**YOUR ASSIGNMENT**
Please copy each line of the listing below precisely, excluding the images.

**PROVIDED DATA**

-=-=-=-=-

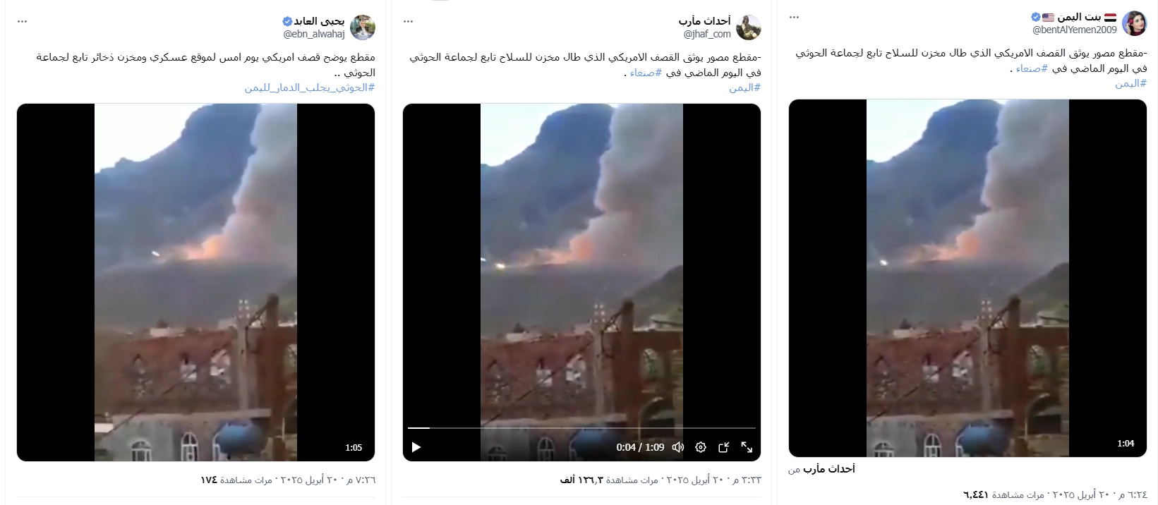 يأتي تداول هذا الفيديو في ظل استمرار القصف الامريكي على مواقع ومناطق متفرقة خاضعة لسيطرة جماعة الحوثي في شمال وغرب اليمن.
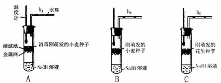 (6)在下图密闭装置中,分别放入质量相等的消毒且刚萌发的小麦种子、刚萌发的小麦种子及刚萌发的花生种子,把三套装置放在隔热的且适宜条件下培养,A与B玻璃管中的水珠开始移动时的速率分别为vA和vB,则vA vB(填>、<、=);如果B和C中都消耗了等质量的有机物,温度计读数为TC TB(填>、<、=)
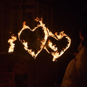 Особой популярностью также пользуется песочное шоу. Рисунки песком превратят вашу свадьбу в удивительную сказку: художник в присутствии всех гостей будет создавать уникальные и завораживающие картины на песке, которые будут сопровождаться приятной музыкой, появляться и исчезать, демонстрируясь при этом на большом экране. Кроме того, вы можете выбрать определённую тематику или заказать для всех присутствующих мастер-класс, чтобы они нарисовали для вас песочно-свадебное поздравление.

-=-=-=-=-

**SOLUTION TO THE PROBLEM**
 يأتي تداول هذا الفيديو في ظل استمرار القصف الامريكي على مواقع ومناطق متفرقة خاضعة لسيطرة جماعة الحوثي في شمال وغرب اليمن.
 (6)在下图密闭装置中,分别放入质量相等的消毒且刚萌发的小麦种子、刚萌发的小麦种子及刚萌发的花生种子,把三套装置放在隔热的且适宜条件下培养,A与B玻璃管中的水珠开始移动时的速率分别为vA和vB,则vA vB(填>、<、=);如果B和C中都消耗了等质量的有机物,温度计读数为TC TB(填>、<、=)
 Особой популярностью также пользуется песочное шоу. Рисунки песком превратят вашу свадьбу в удивительную сказку: художник в присутствии всех гостей будет создавать уникальные и завораживающие картины на песке, которые будут сопровождаться приятной музыкой, появляться и исчезать, демонстрируясь при этом на большом экране. Кроме того, вы можете выбрать определённую тематику или заказать для всех присутствующих мастер-класс, чтобы они нарисовали для вас песочно-свадебное поздравление.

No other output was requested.